Hier soir, je courais au gym, sur le tapis roulant, tout en regardant le hockey. Une partie Canucks vs Rangers jouait à la télévision. Lorsque j’ai commencé à courir c’était l’entracte pas vraiment grand-chose à regarder puisque sans son, on comprend mal ce que disent les commentateurs. J’ai quand même pu comprendre que la partie était 2-0 pour Vancouver après une période. Lorsque la partie a reprise, en deuxième période, je me suis mis à être un peu plus attentif, tout en me concentrant sur ma respiration et le tapis. Vancouver a compté deux buts rapides pour mettre le pointage à 4-0. À ce moment-là, une équipe dans la situation des Rangers ne ce sent pas très bien. Souvent la panique s’installe, on met en doute le plan de match. Le capitaine, les assistants capitaines ou d’autres joueurs, se mettent à encourager, critiquer, donner des conseils et essaie de motiver l’équipe à retrouver ses ardeurs pour revenir dans la partie. Bien que les encouragements et les conseils soient bons et de bonnes intentions, ils peuvent ne pas avoir la puissance nécessaire à motiver l’équipe.

On ne trouve pas les leaders, les meneurs et les bons patrons dans les situations où tout va bien, mais plutôt dans les situations, comme celle des Rangers en ce début de deuxième, où ça va mal et que l’équipe doit accomplir de grandes choses. Les leaders dans ces situations se lèvent et agissent. Ils peuvent encourager, donner des conseils, mais c’est leurs gestes qui feront la différence et qui motiveront l’équipe.

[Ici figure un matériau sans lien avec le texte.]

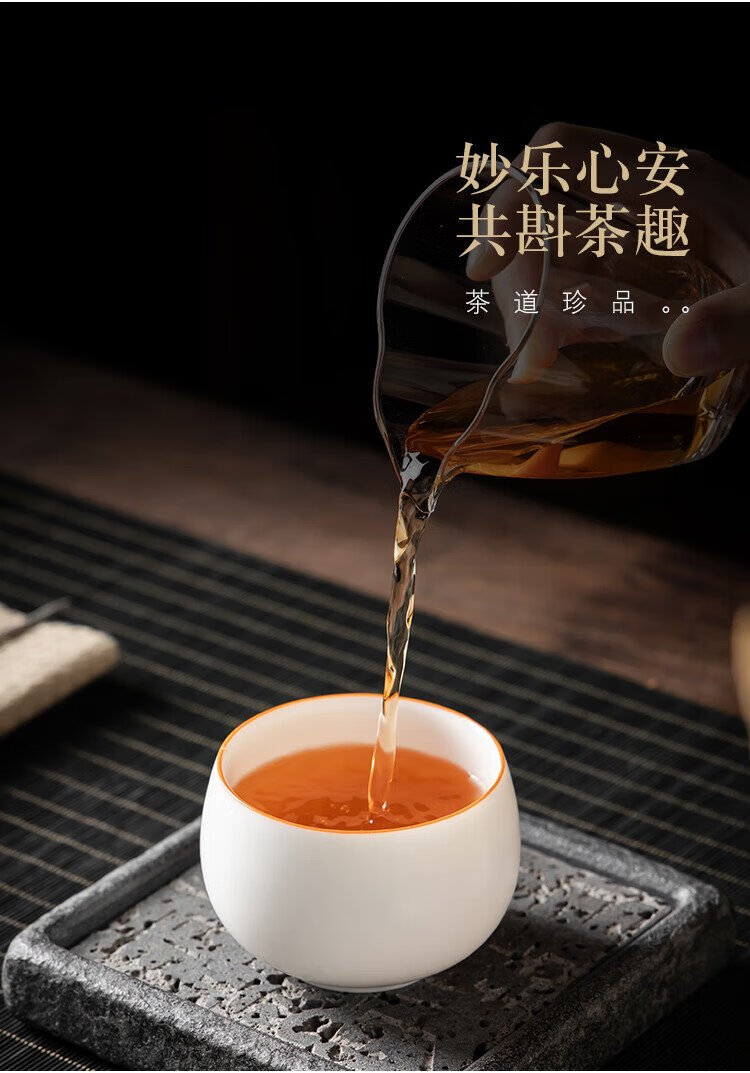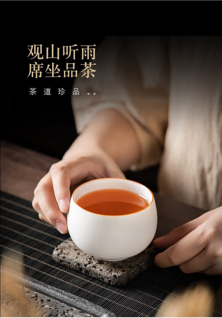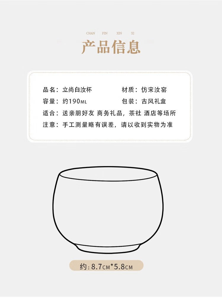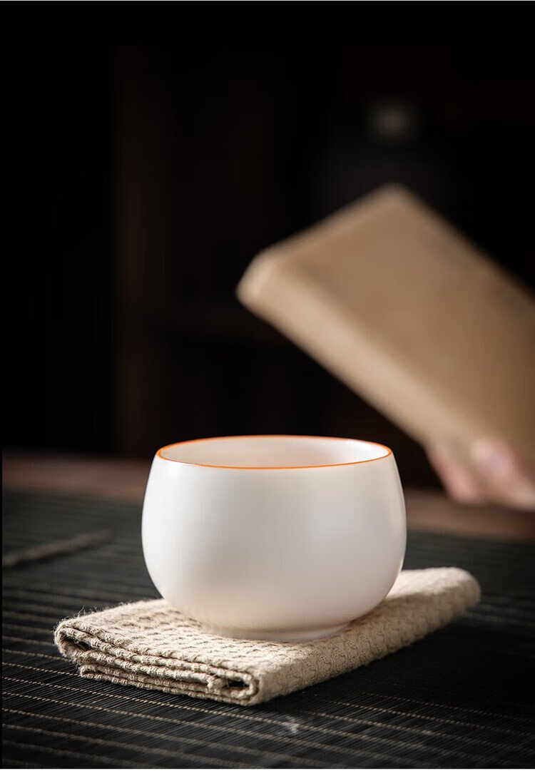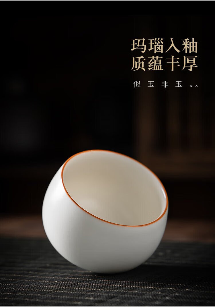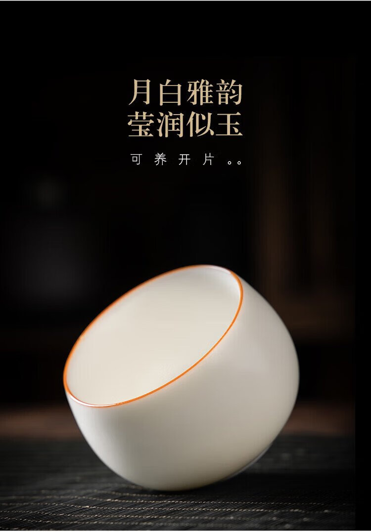 Gold inlaid jade tea cup master cup tea set white ceramic Ru kiln can be grown and opened to give a gift box white Ru Luohan cup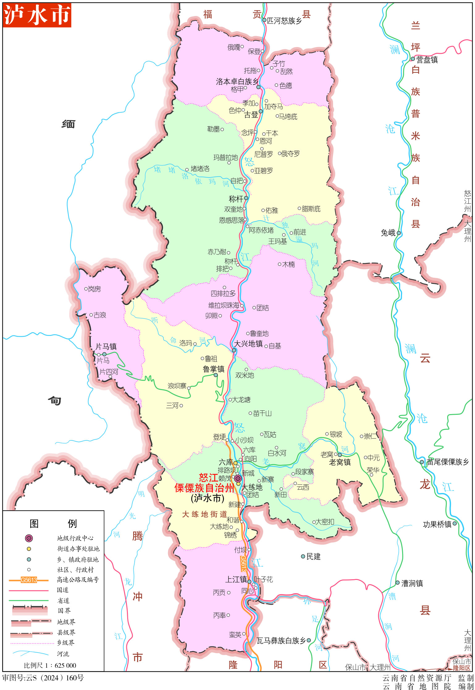 位置境域 瀘水市,位于云南省西北部,怒江傈僳族自治州南部,東靠碧羅雪山,與蘭坪、云龍兩縣相鄰,南接保山市,西與騰沖縣和緬甸聯(lián)邦共和國毗鄰,北連福貢縣。最大橫距58千米,最大縱距108千米,面積3203.04平方千米,駐地六庫距云南省會(huì)昆明569千米。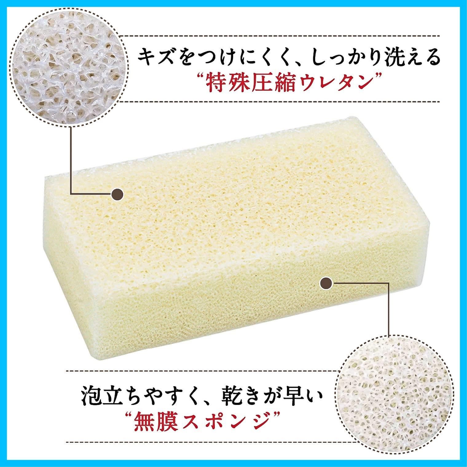 傷つけにくくしっかりと洗える特殊圧縮ウレタンのスポンジ。空気が通りやすく乾きが速い微セル無膜スポンジを使用。少量の洗剤ですぐにもこもこと泡立ち、しかも泡持ちもよいため洗剤の継ぎ足し回数も減らせます。洗い流すときの泡切れも良好。スポンジ自体の汚れも落としやすいので衛生的。研磨剤は使わず、骨格の太いエステルスポンジを使用することで、傷をつけず洗浄力をアップ。耐久力にも優れ、へたりにくいので従来のスポンジに比べ長持ちします。[サイズ]約6×3.2×高さ12cm(1個当たり)[重量]約9g(1個当たり)[耐熱温度]約90℃[素材・材質]ポリウレタンフォーム[生産国]日本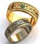 Одно обручальное колечко выполнено из белого золота, второе – из жёлтого. Оба изделия декорированы сверкающими камнями: изумрудом на варианте из желтого металла и бриллиантом на белом кольце. Тончайший орнамент техникой филигрань по всему ободку придаёт кольцам романтичность.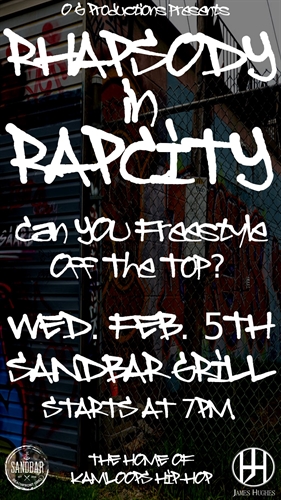 Rhapsody in RapcityIt’s been a while, I shouldn’t have left you, Without a dope rhyme to step to…………Kamloops A.lso K.nown A.s Rapcity were back in effect and better than ever. New speakers new sneakers and all that ish….Lets get it poppin at Sandbar Grill on Wed. Feb 5th for Rhapsody in Rapcity…….JAMES HUGHES Unreleased Album Listening Party at 7:30 – 8:15pmRap Music All Night Long…………..Win PRIZES!!!! HAVE FUN!!!! PARTY ON!!!!!!!!!!!RHAPSODY IN RAPCITY KAMLOOPS…..Olivia Grace Productions

J’étais donc sur le tapis roulant, à 4-0 pour Vancouver, quand peu de temps après le quatrième but de Canucks je vois Chris Drury, capitaine des Rangers, se faufiller entre les défenseurs de l’équipe adverse et dans un deuxième effort déjouer le gardien. Je n’ai pas vu jouer souvent Drury, je n’ai pas suivi sa carrière, je regarde très peu les statistiques, les faits saillants ou les parties de la LNH. Je ne sais pas comment la partie c’est terminé, mais je suis convaincu que Chris Drury est un bon leader. Dans la même lignée, un autre capitaine des Rangers, Mark Messier, avait garanti une victoire de son équipe dans la sixième partie de la finale de la coupe Stanley 1994, alors que son équipe tirait de l’arrière 3-2 dans la série. Messier avait compté trois buts dans cette sixième partie et avait mené son équipe à la victoire de la coupe Stanley lors de la septième partie.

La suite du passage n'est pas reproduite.